Configure Global Transcription

Login to Media Server web interface.
- Open in browser: https://IP-addr, where IP-addr is the IP address of the Media Server.

Add the username and password that was shown upon installation and press LOGIN.
Select the Variables option from the Advanced tab.

Press ADD on the top right.

Set the Category to Defaults, Name to transcription-vendor and Value to azure.

Save the changes by pressing SAVE button in top right corner.
Open SIP Status under the Status tab.

Press the RELOAD XML button at the top right.
Open the Dialplan Manager section under the Dialplan tab.

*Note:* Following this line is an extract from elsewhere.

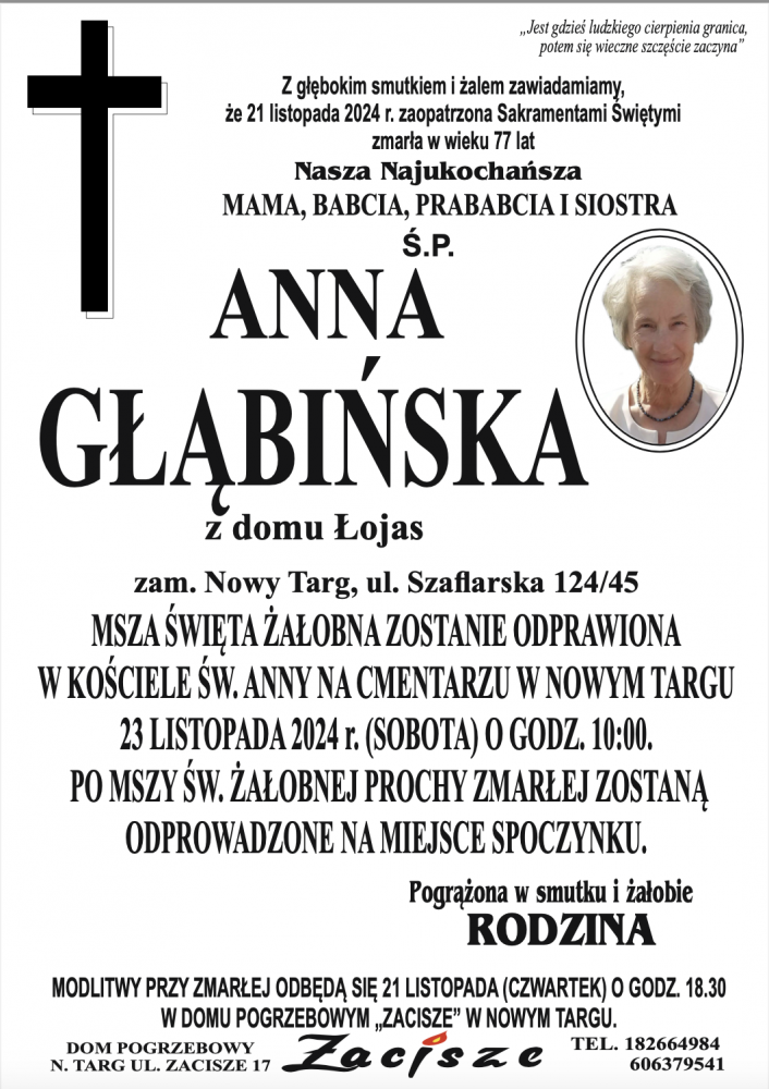 Anna Głąbińska - Nekrologi - podhale24.pl

Add a new Dialplan by pressing the ADD Button on the top.

Fill the form with following details :
- Name = azure_transcription
- Condition 1 = Select destination_number from list and add a random number, then click to edit and paste ${transcription-vendor}
  - For the field to the right, add ^azure$
- Action 1 = Select first item from the list
Save the form by pressing save button on top right Corner.
Re-open azure_transcription dialplan.
Set the Continue field to True.
Set the order field to 889.
Set the Context field to global.
Set the Domain field to Global.
Delete the second row by checking the box in the Delete column for the second row and pressing SAVE in the top right.
Add the following information to this dialplan:

Tag	Type	Data	Order	Enabled
action	set	START_RECOGNIZING_ON_VAD=true	10	true
action	export	START_RECOGNIZING_ON_VAD=true	15	true
action	set	AZURE_SUBSCRIPTION_KEY=<key>	20	true
action	export	AZURE_SUBSCRIPTION_KEY=<key>	25	true
action	set	AZURE_SERVICE_ENDPOINT=<endpoint>	30	true
action	export	AZURE_SERVICE_ENDPOINT=<endpoint>	35	true
action	set	AZURE_REGION=<region>	40	true
action	export	AZURE_REGION=<region>	45	true
action	export	nolocal:execute_on_answer=lua start_transcribe.lua azure <language> ${uuid}	50	true

The values of <key>, <endpoint> and <region> can be obtained from the Setup Azure Speech Service section above.
For <language> a language tag can be chosen from this list, based on the Azure Speech model used e.g. en-US.
Save the changes by pressing SAVE button in top right corner.